Editorials

Consent of the Governed

The drama of the federal fiscal standoff – recently postponed, if only till January – bears all the earmarks of the Kingdom of the World at its worst. The looming idols of power, money and lust well overshadowed any of the founding principles of our nation, even the more secular values of economic freedom, ownership rights and the common good. Few of the principle players would be scathed in the scuffle, only the pawns on the board whose health, livelihood and liberty, it seems, are in jeopardy every time official Washington is in session. The damage done in a fortnight of closures of federal agencies pales compared to the continual dysfunction of a ship of State veering adrift from the route charted by our Founders.

The historical evidence is that such standoffs – the tensions and partisan polarities in play – were actually welcome to our Founders, built-in to the bi-cameral legislature and the separation of powers so essential to check them. Representative government should do just that: reflect the consent of the governed who, at this time in history, are torn among views of the role of government, some of which are not easily reconciled with our first constitutional principles, which serve as a rudder.

But is this a crisis of government, really, or a crisis of conscience? The evangelist Franklin Graham has little doubt and minces no words. “Our politicians don’t know right from wrong,” he says. “And our politicians come to this city and they fight one another and it’s the greed in their hearts, the lust that’s in their hearts and they make all these rules and laws that affect the rest of us.” He continues, “[t]he government spends and spends and spends, and they don’t have the money to pay for it. But the politicians are trying to use that money to buy votes in favor for themselves. It is so greedy and so wicked and so wrong,” he charges.

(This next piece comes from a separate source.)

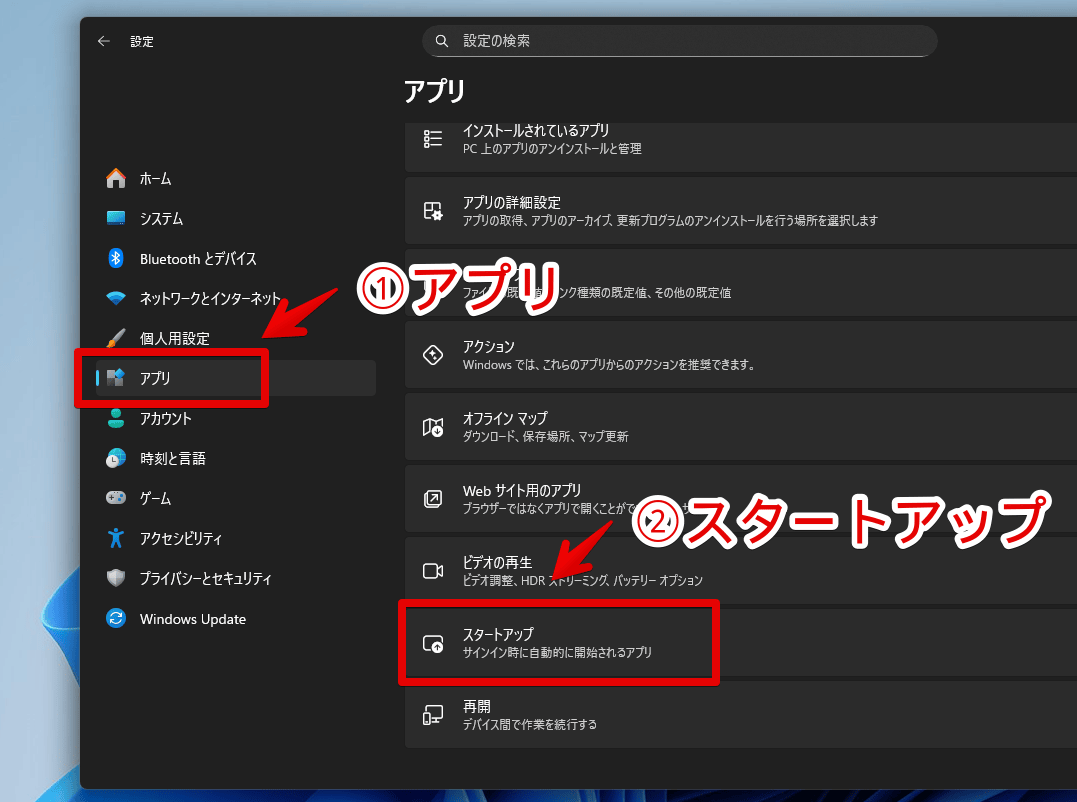 左側の「アプリ」→「スタートアップ」をクリックします。

In less censorious terms, Billy Graham, his father, has called for a fresh spiritual awakening in America. Rather than look to an institution, such as government, or for messianic personalities to save us from ourselves, he prays for a wider participation of everyone in spreading the transforming power of the Gospel: a conversion of hearts, one-to-one and one-by-one. This very much echoes the pattern of the early Christians who managed to bring about a “fundamental change” beneficial to all humanity in a very pagan Roman empire, which none of the imperious Caesars were able to accomplish through decades of persecutions and reforms. If ever there was a time for a New Evangelization, it is now!

Thomas Jefferson himself recognized that government was only as wise and effective as the voting public. Writing to William C. Jarvis on Sept. 28, 1820, he observed: “I know no safe depository of the ultimate powers of the society, but the people themselves: and if we think them not enlightened enough to exercise their controul with a wholsome discretion, the remedy is, not to take it from them, but to inform their discretion by education. This is the true corrective of abuses of constitutional power.”

The informed conscience of every citizen – and the freedom to express it – is, ultimately, the only bulwark against tyranny.

The Kingdom of God is not rooted in the powers of this world. The hope it proclaims flows from God-centered lives, prayer-filled, generous and committed to witness the Gospel in a very public and counter-cultural way. The change to hope for – the change we need at this time – is the conversion of human hearts. The way to make it happen is to begin with ourselves: changing people neighbor-to-neighbor, worker-to-worker and friend-to-friend.